(Dataset excerpts)
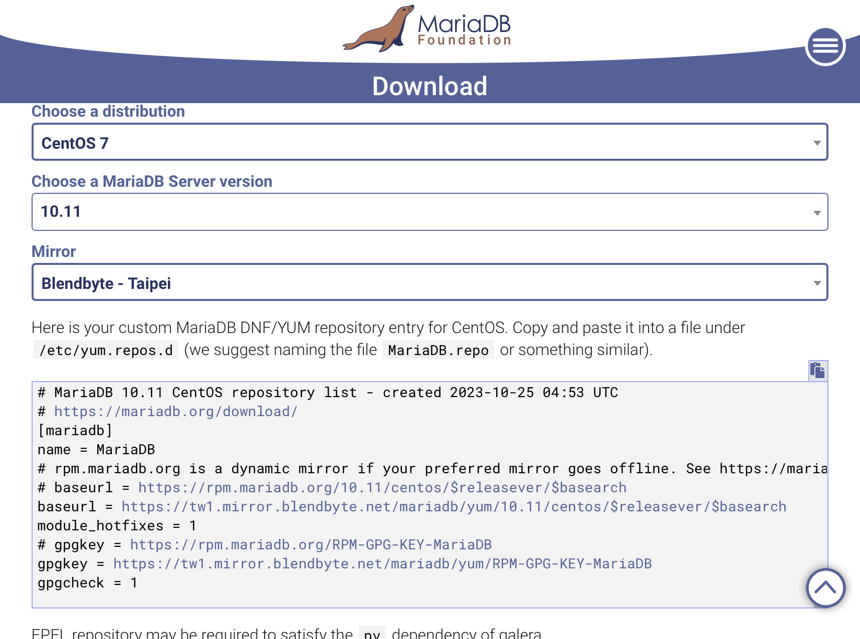 주소 : https://mariadb.org/download/?t=repo-config&d=CentOS+7&v=10.11&r_m=blendbyte
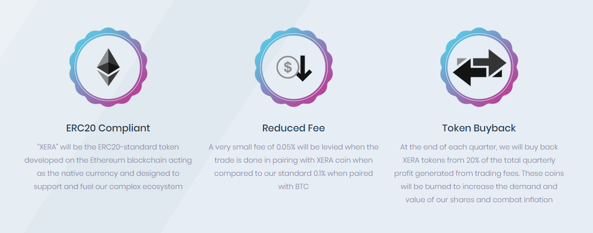 The traders are able to reduce the fees with the help of the XERA token and its buyback monetary policy. They will use the token as an incentive for the customers of the platform which will in turn include a number of benefits.
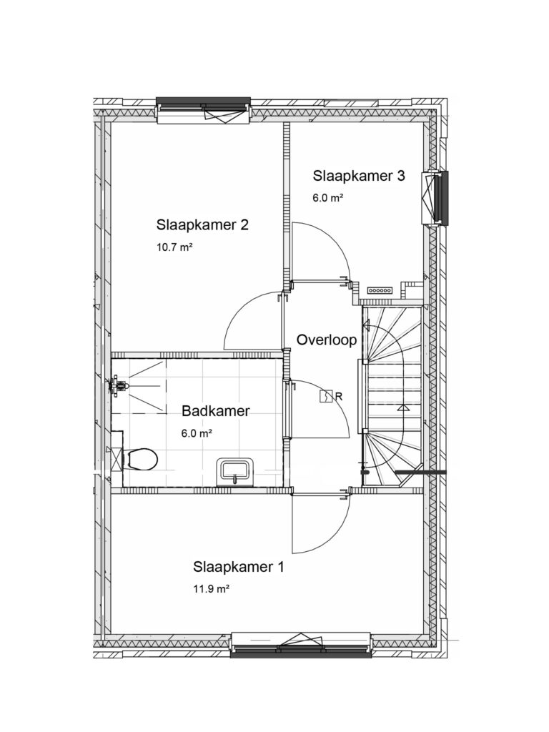 De 1e etage biedt via de overloop toegang tot 3 slaapkamers die in grootte oplopen. Perfect voor een gezin dat groeit of verandert, met ruimte voor iedereen om zich thuis te voelen. De badkamer met douche, wastafel en 2e toilet biedt alle comfort. De bovenste etage geeft je de vrijheid om je eigen invulling aan het huis te geven. Aan 3 slaapkamers niet genoeg? Op deze etage maak je makkelijk een 4e slaapkamer. Plus een wasruimte, want hier zijn ook de aansluitingen voor de wasmachine en droger.
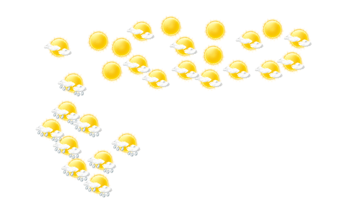 In Samaná strahlt morgens die Sonne bei Temperaturen von 23°C. Im weiteren Verlauf des Tages bilden sich vom Nachmittag bis abends vereinzelt Wolken bei Temperaturen von 24 bis 27°C. In der Nacht ist es wolkenlos bei Werten von 24°C.
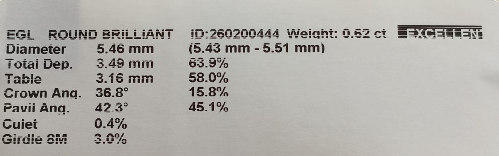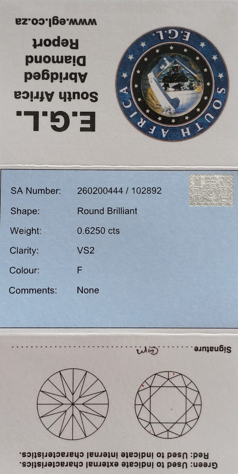 Round Brilliant Cut Diamond. 0.6250cts F VS2
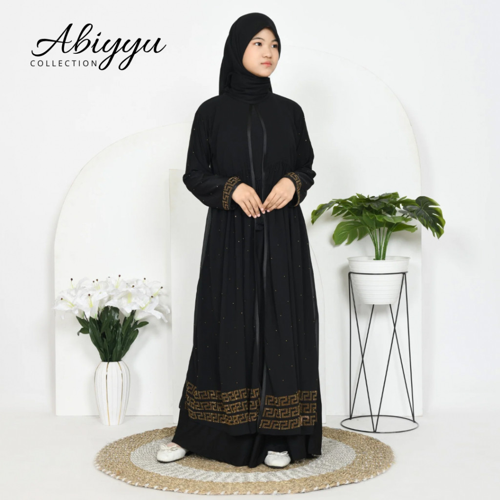 Abaya Turki Hitam Putih Couple Ibu dan Anak Perempuan Baju Gamis Turkey Remaja Tanggung Bahan Jersey mix Ceruty dengan Mote Silver, Dan Gold Mewah
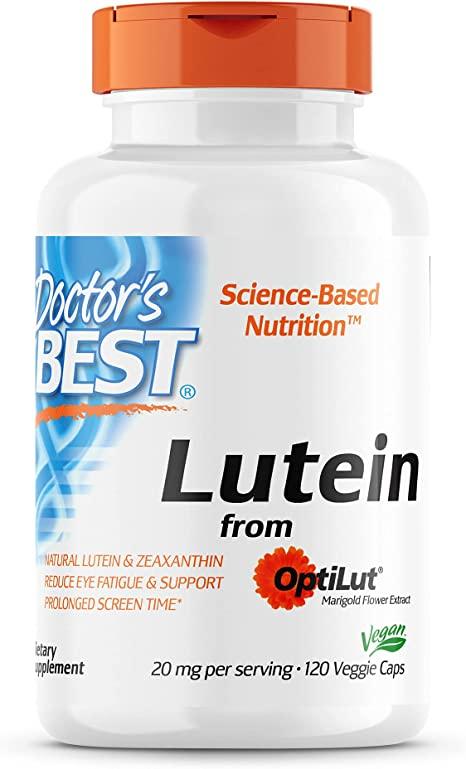 Лютеїн з від Doctor's Best містить комплекс OptiLut, з квіток чорнобривців, і містить натуральний лютеїн і транс-зеаксантин з високою біодоступністю.
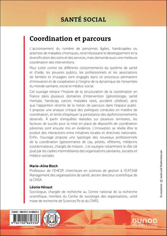 L’accroissement du nombre de personnes âgées, handicapées ou atteintes de maladies chroniques, rend nécessaire le développement et la diversification des soins et des services, mais demande aussi une meilleure coordination des interventions. Pour lutter contre les différents cloisonnements du système de santé et d’aide, les pouvoirs publics, les professionnels et les associations de familles et d’usagers sont engagés dans un processus permanent d’innovation et de coopération à l’origine de la dynamique de l’ensemble du monde sanitaire, social et médico-social. Cet ouvrage retrace l’histoire de la structuration de la coordination en France dans plusieurs domaines d’intervention (gérontologie, santé mentale, handicap, cancer, maladies rares, accident cérébral), ainsi que l’apparition récente de la notion de parcours dans l’espace public. Il propose une analyse critique des politiques conduites en matière de coordination, et tente d’expliquer la persistance des dysfonctionnements observés. À partir d’enquêtes réalisées sur plusieurs territoires, les facteurs de succès pour la mise en place de dispositifs de coordination pérennes sont ensuite mis en évidence. L’innovation se révèle être le produit des interactions entre initiatives locales et directives nationales. Enfin, l’ouvrage propose une typologie des nouveaux professionnels de la coordination (gestionnaires de cas, pilotes, référents, médecins coordonnateurs, chargés de mission…) et souligne notamment le rôle clé joué par les cadres intermédiaires des organisations sanitaires, sociales et médico-sociales.

### What needs to be done
Each line above should be returned exactly as it stands, minus any pictures.

### Task answer
 주소 : https://mariadb.org/download/?t=repo-config&d=CentOS+7&v=10.11&r_m=blendbyte
 The traders are able to reduce the fees with the help of the XERA token and its buyback monetary policy. They will use the token as an incentive for the customers of the platform which will in turn include a number of benefits.
 De 1e etage biedt via de overloop toegang tot 3 slaapkamers die in grootte oplopen. Perfect voor een gezin dat groeit of verandert, met ruimte voor iedereen om zich thuis te voelen. De badkamer met douche, wastafel en 2e toilet biedt alle comfort. De bovenste etage geeft je de vrijheid om je eigen invulling aan het huis te geven. Aan 3 slaapkamers niet genoeg? Op deze etage maak je makkelijk een 4e slaapkamer. Plus een wasruimte, want hier zijn ook de aansluitingen voor de wasmachine en droger.
 In Samaná strahlt morgens die Sonne bei Temperaturen von 23°C. Im weiteren Verlauf des Tages bilden sich vom Nachmittag bis abends vereinzelt Wolken bei Temperaturen von 24 bis 27°C. In der Nacht ist es wolkenlos bei Werten von 24°C.
 Round Brilliant Cut Diamond. 0.6250cts F VS2
 Abaya Turki Hitam Putih Couple Ibu dan Anak Perempuan Baju Gamis Turkey Remaja Tanggung Bahan Jersey mix Ceruty dengan Mote Silver, Dan Gold Mewah
 Лютеїн з від Doctor's Best містить комплекс OptiLut, з квіток чорнобривців, і містить натуральний лютеїн і транс-зеаксантин з високою біодоступністю.
 L’accroissement du nombre de personnes âgées, handicapées ou atteintes de maladies chroniques, rend nécessaire le développement et la diversification des soins et des services, mais demande aussi une meilleure coordination des interventions. Pour lutter contre les différents cloisonnements du système de santé et d’aide, les pouvoirs publics, les professionnels et les associations de familles et d’usagers sont engagés dans un processus permanent d’innovation et de coopération à l’origine de la dynamique de l’ensemble du monde sanitaire, social et médico-social. Cet ouvrage retrace l’histoire de la structuration de la coordination en France dans plusieurs domaines d’intervention (gérontologie, santé mentale, handicap, cancer, maladies rares, accident cérébral), ainsi que l’apparition récente de la notion de parcours dans l’espace public. Il propose une analyse critique des politiques conduites en matière de coordination, et tente d’expliquer la persistance des dysfonctionnements observés. À partir d’enquêtes réalisées sur plusieurs territoires, les facteurs de succès pour la mise en place de dispositifs de coordination pérennes sont ensuite mis en évidence. L’innovation se révèle être le produit des interactions entre initiatives locales et directives nationales. Enfin, l’ouvrage propose une typologie des nouveaux professionnels de la coordination (gestionnaires de cas, pilotes, référents, médecins coordonnateurs, chargés de mission…) et souligne notamment le rôle clé joué par les cadres intermédiaires des organisations sanitaires, sociales et médico-sociales.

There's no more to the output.